Re: [PATCH RFC] mm: mmap: Change DEFAULT_MAX_MAP_COUNT to INT_MAX

Petr Špaček <pspacek@xxxxxxx> · Fri, 30 Aug 2024 19:00:33 +0200

On 30. 08. 24 17:04, Pedro Falcato wrote:
On Fri, Aug 30, 2024 at 04:28:33PM GMT, Petr Špaček wrote:
Now I understand your concern. From the docs and code comments I've seen it
was not clear that the limit serves _another_ purpose than mere
compatibility shim for old ELF tools.

It is a NACK, but it's a NACK because of the limit being so high.

With steam I believe it is a product of how it performs allocations, and
unfortunately this causes it to allocate quite a bit more than you would
expect.

FTR select non-game applications:

ElasticSearch and OpenSearch insist on at least 262144.
DNS server BIND 9.18.28 linked to jemalloc 5.2.1 was observed with usage
around 700000.
OpenJDK GC sometimes weeps about values < 737280.
SAP docs I was able to access use 1000000.
MariaDB is being tested by their QA with 1048576.
Fedora, Ubuntu, NixOS, and Arch distros went with value 1048576.

Is it worth sending a patch with the default raised to 1048576?

With jemalloc() that seems strange, perhaps buggy behaviour?

Good question. In case of BIND DNS server, jemalloc handles mmap() and we
keep statistics about bytes requested from malloc().

When we hit max_map_count limit the
(sum of not-yet-freed malloc(size)) / (vm.max_map_count)
gives average size of mmaped block ~ 100 k.

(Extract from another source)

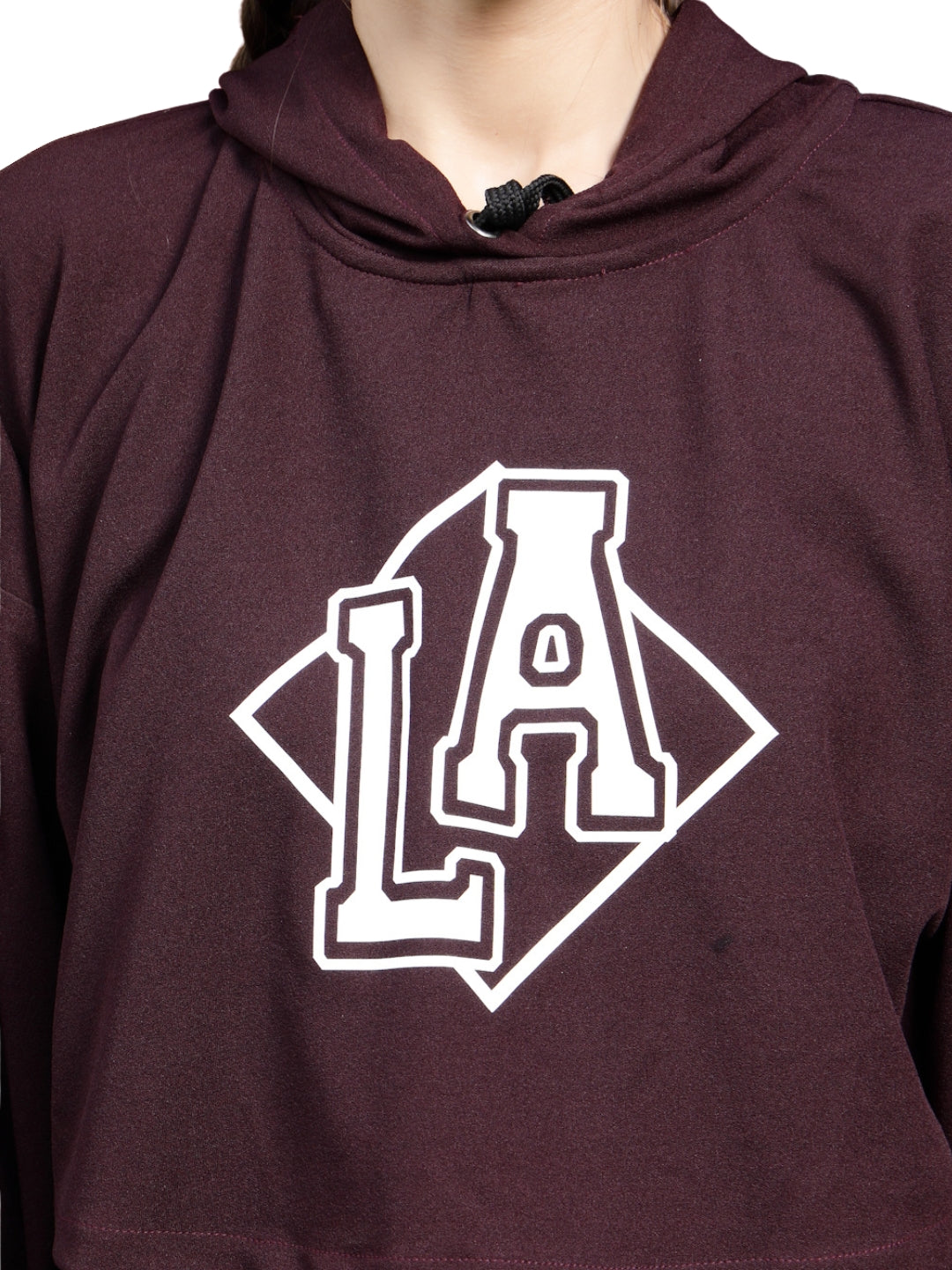 Elevate your street-style look with this Wine printed crop sweatshirt for women, perfect for a casual yet fashionable vibe. Designed with a bold logo print, adjustable drawstring hood, and rexed fit, this pink women’s hoodie offers both comfort and confidence. Ideal for airport looks, college wear, gym sessions, or weekend outings, it pairs effortlessly with joggers or jeans. Add this stylish Wine sweatshirt to your wardrobe for a perfect blend of sporty and chic fashion.
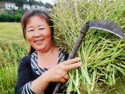5月10日,宜昌市夷陵区分乡镇分乡场村一留守妇女在收割沉甸甸的油菜时,脸上堆满了丰收的喜悦。 宜昌市夷陵区分乡镇在科技兴农活动中,大力推广油菜新品种、种植新模式,管理新举措,今年的2万亩油菜获得丰收,平均亩产可达到160公斤,比去年提高12公斤。(本报视界网 袁国悦摄)

Is 100 k way too low / does it indicate a bug? It does not seem terrible to
me - the application is handling ~ 100-1500 B packets at rate somewhere
between 10-200 k packets per second so it's expected it does lots of small
short lived allocations.

A complicating factor is that the process itself does not see the current
counter value (unless BPF is involved) so it's hard to monitor this until
the limit is hit.

Can you get us a dump of the /proc/<pid>/maps? It'd be interesting to see how
exactly you're hitting this.

I have immediately available only a coredump from hitting the default 
limit. GDB apparently does not show these regions in "info proc 
mappings", but I was able to extract section addresses from the coredump:
https://users.isc.org/~pspacek/sf1717/elf-sections.csv

Distribution of section sizes and their count in format "size,count" is 
here:
https://users.isc.org/~pspacek/sf1717/sizes.csv

If you want to see some cumulative stats they are as OpenDocument here:
https://users.isc.org/~pspacek/sf1717/sizes.ods

From a quick glance it is obvious that single-page blocks eat most of 
the quota.

I don't know if it is a bug or just memory fragmentation caused by a 
long-running server application.

I can try to get data from production system to you next week if needed.

--
Petr Špaček
Internet Systems Consortium